Exact copies of the lines below are the goal; any images in them are dropped.

● The data
-- -- --

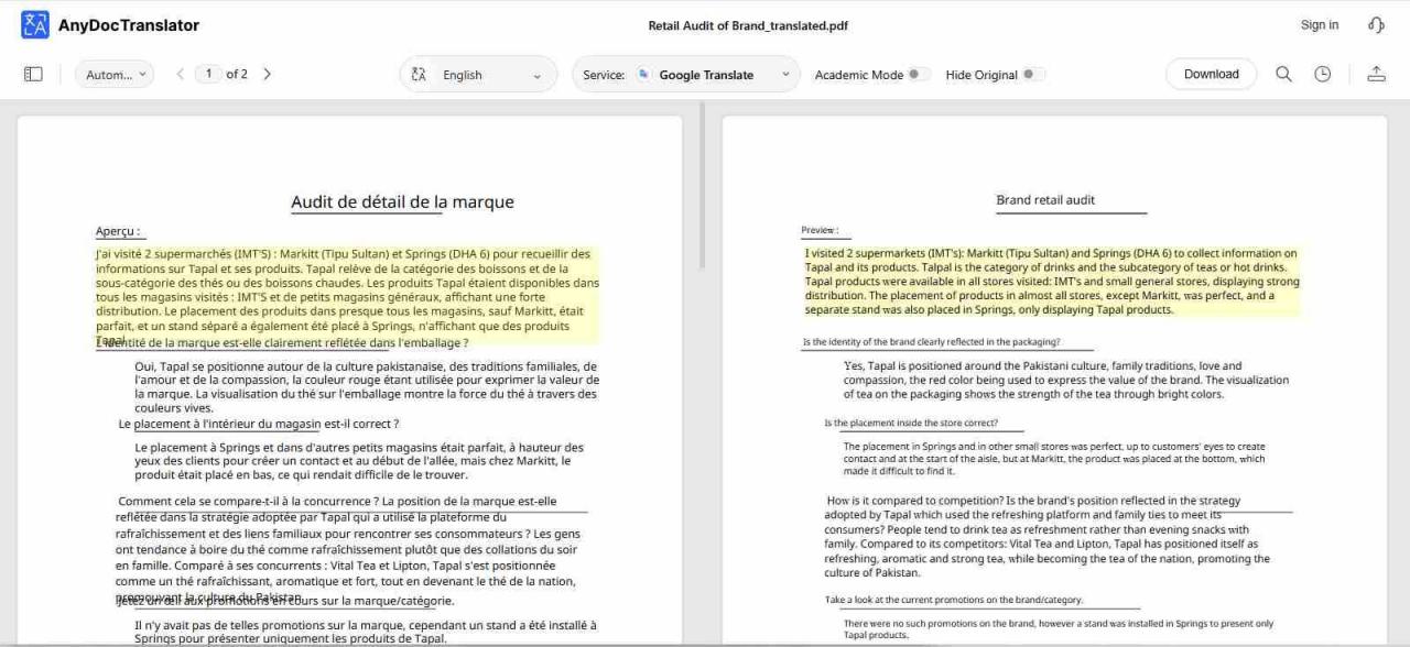 AnyDoc Translator fully supports over 30 file formats (including image-based PDFs), translates in 100+ languages (even RTL scripts). It not only supports the mutual translation of commonly used languages, but also supports lesser-known languages. For instance, it supports translations such as English to Tagalog and English to Tamil. AnyDoc Translator also shows you a side-by-side preview so you can see exactly what’s been translated and how. You can even hover over the text to confirm meanings, pretty handy when you're working with unfamiliar terms.
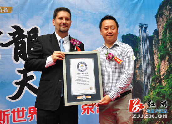(原标题:“最高户外电梯”张家界百龙天梯创造吉尼斯世界纪录(图))
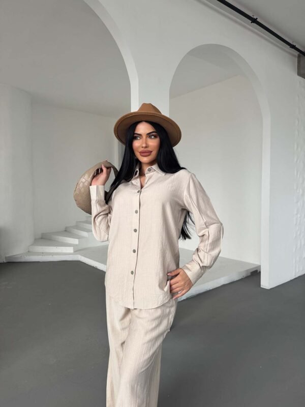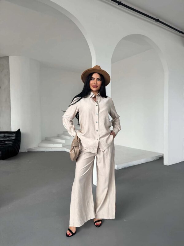 Bej Çilek Gömlek Yırtmaçlı Pantolon Takım

-- -- --

● Answer to this problem
 AnyDoc Translator fully supports over 30 file formats (including image-based PDFs), translates in 100+ languages (even RTL scripts). It not only supports the mutual translation of commonly used languages, but also supports lesser-known languages. For instance, it supports translations such as English to Tagalog and English to Tamil. AnyDoc Translator also shows you a side-by-side preview so you can see exactly what’s been translated and how. You can even hover over the text to confirm meanings, pretty handy when you're working with unfamiliar terms.
(原标题:“最高户外电梯”张家界百龙天梯创造吉尼斯世界纪录(图))
 Bej Çilek Gömlek Yırtmaçlı Pantolon Takım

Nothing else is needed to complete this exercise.